While TV’s upfront advertising market continues early negotiation talks, one estimate now says total dollar volume will be down by mid-single-digit percentages -- reversing versus gains of a year ago.
John Janedis, managing director/media analyst of Jefferies LLC, estimates total volume will be down 3% to 5% for all national TV inventory, with broadcast networks generally outperforming cable networks.
For last year’s upfront market, Media Dynamics estimated national TV advertising grew 4.5% to $18.6 billion, with broadcast networks pulling in $8.75 billion and cable networks tallying $9.86 billion.
This year, Janedis predicts big TV network groups will sell all their TV inventory -- broadcast, cable and associated digital platforms.
Plus, networks will seek more dollars by shifting to C7 from C3 ratings guarantees for national marketers. C3/C7 ratings are Nielsen’s average minute commercial ratings plus three or seven days of time-shifted viewing.

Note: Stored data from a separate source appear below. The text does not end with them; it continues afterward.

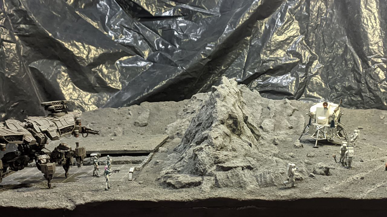 Фантастически - юмористическая диорама. «Хьюстон! У нас проблемы!!!» Размер 675х510х140 мм. Масштаб 1:72. Все модели и фигурки 3д печать. Взяты из открытых источников. Краски акрил. Основа - вспененный полистирол. Терра - поролон, шпаклевка, песок, мелкий гравий, цементная пыль и ПВА. Мой ответ на многолетний вопрос - были ли американцы не луне?. - Да были! Но что-то пошло не так ..........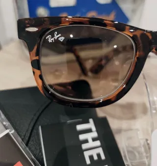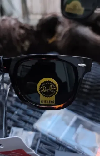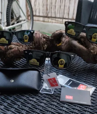 Gafas de sol Ray-Ban originales del 2021 modelo Wayfarer bastante usadas. Me costaron unos 150€ hace 4 años, se me ha roto la lente derecha. Si le cambias cristales tienes unas rayban para rato.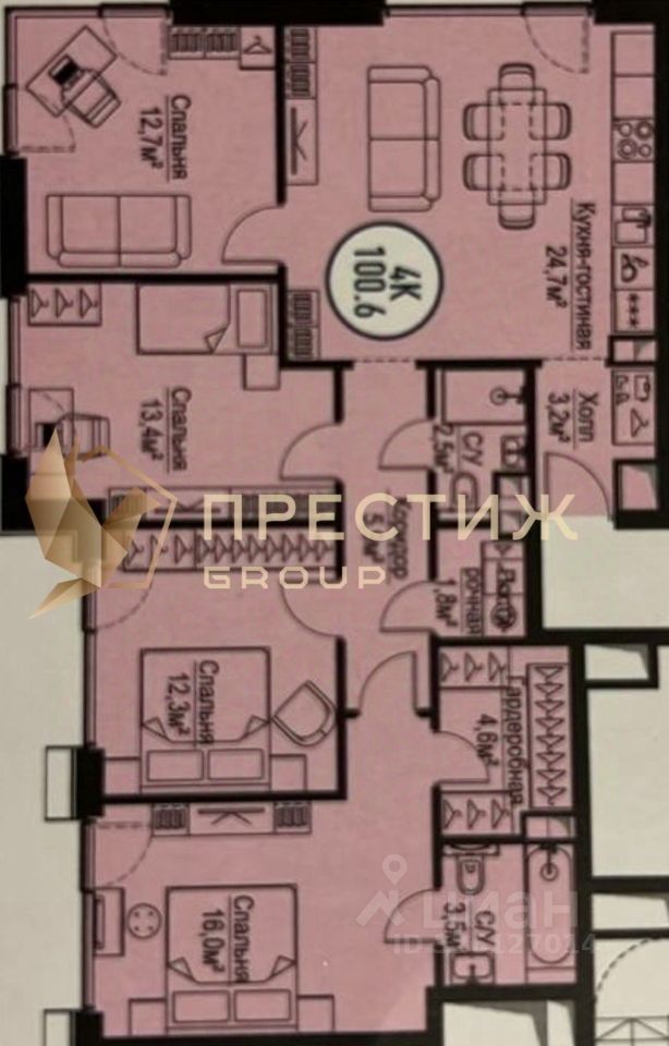 Продаётся 4-комнатная квартира в ЖК ''Метрополия'', башня ''Флоренция'' (сдана в 2024 году). - Общая площадь: 100,6 м² - Жилая площадь: 54,4 м² - Кухня: 24,7 м² - Этаж: 19/30 - Монолитный дом - Квартира в бетоне — возможность реализовать собственный дизайн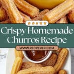 This homemade churros recipe guides you through creating crispy, golden fried dough pastries rolled in cinnamon sugar, served with a rich and smooth dark chocolate dipping sauce. Perfect for a sweet treat or dessert, these churros are fried to perfection with a classic star shape, combining crunchy outside texture with a soft, tender inside.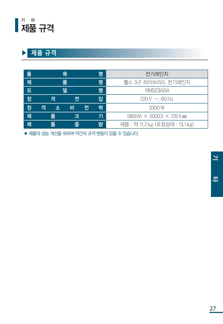 웰스 전기레인지 3구 하이브리드 (RM523)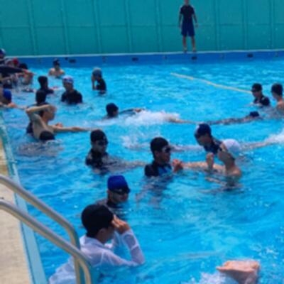 写真は2年生の授業。今日はそれ程暑くなかったので、水に入るとちょっと冷たかったようですが、みんな気持ち良さそうに初プールを楽しんでいました。

The national TV market is estimated to be split 50-50 in terms of C3 and C7 deals.
“The desire for more C7 volume may also slow down the market, but it will likely get done,” says Janedis.
When it comes to pricing, he says, the market looks to pull in “mid-single-digit” percentage gains in the cost-per-thousand viewer pricing [CPM], down from a year ago.

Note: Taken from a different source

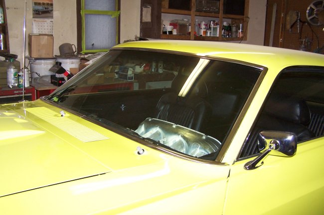 Here is the windshield after all of the mouldings have been installed. The lower moulding is screwed in place and goes in prior to installing the upper filler panel. The ends of the mouldings are screwed in place just inside the door jamb. The screws are supposed to be hex self-tapping screws which are gold cad plated.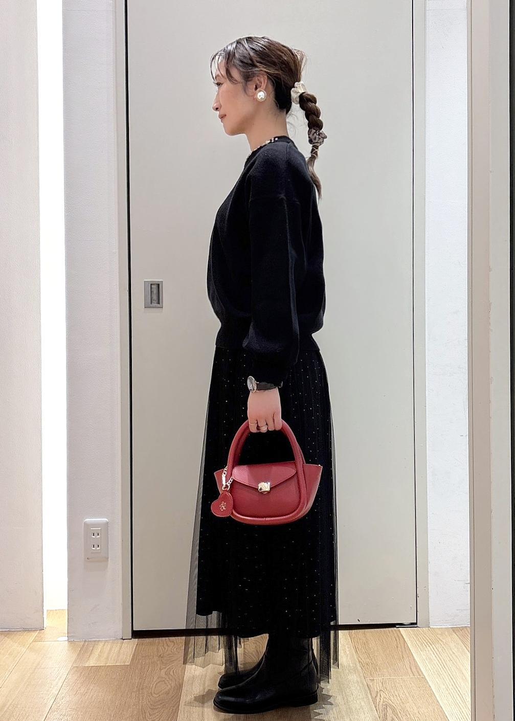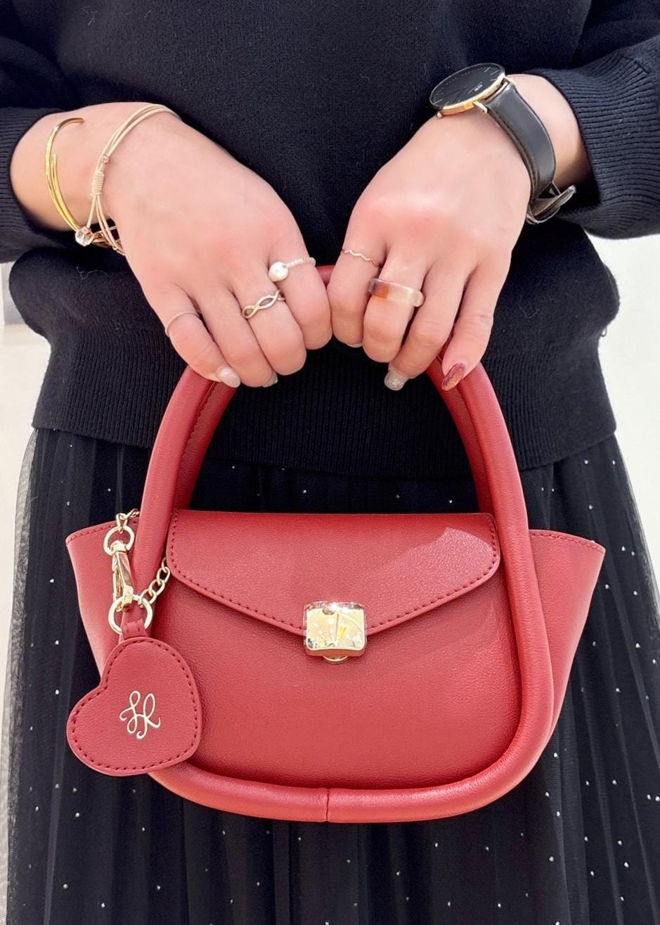 ハートチャームとビビッドな赤が可愛いミニサイズバッグは、オールブラックコーデによく映えるおすすめアイテムです。

Last year’s strong market scored high 9% to 12% increases in CPMs for many broadcast networks, which quickened the pace of the market overall.
Janedis says: “We continue to think NBC will lead the market from a CPM perspective, with the rest of the industry falling into a fairly tight range once NBC sets the market. ... CBS will likely come in just below NBC, but more C7 volume will make it difficult to make direct apples to apples comparisons.
“Cable-only network [groups] are ... starting to write small deals rather than waiting until the TV nets wrap up.”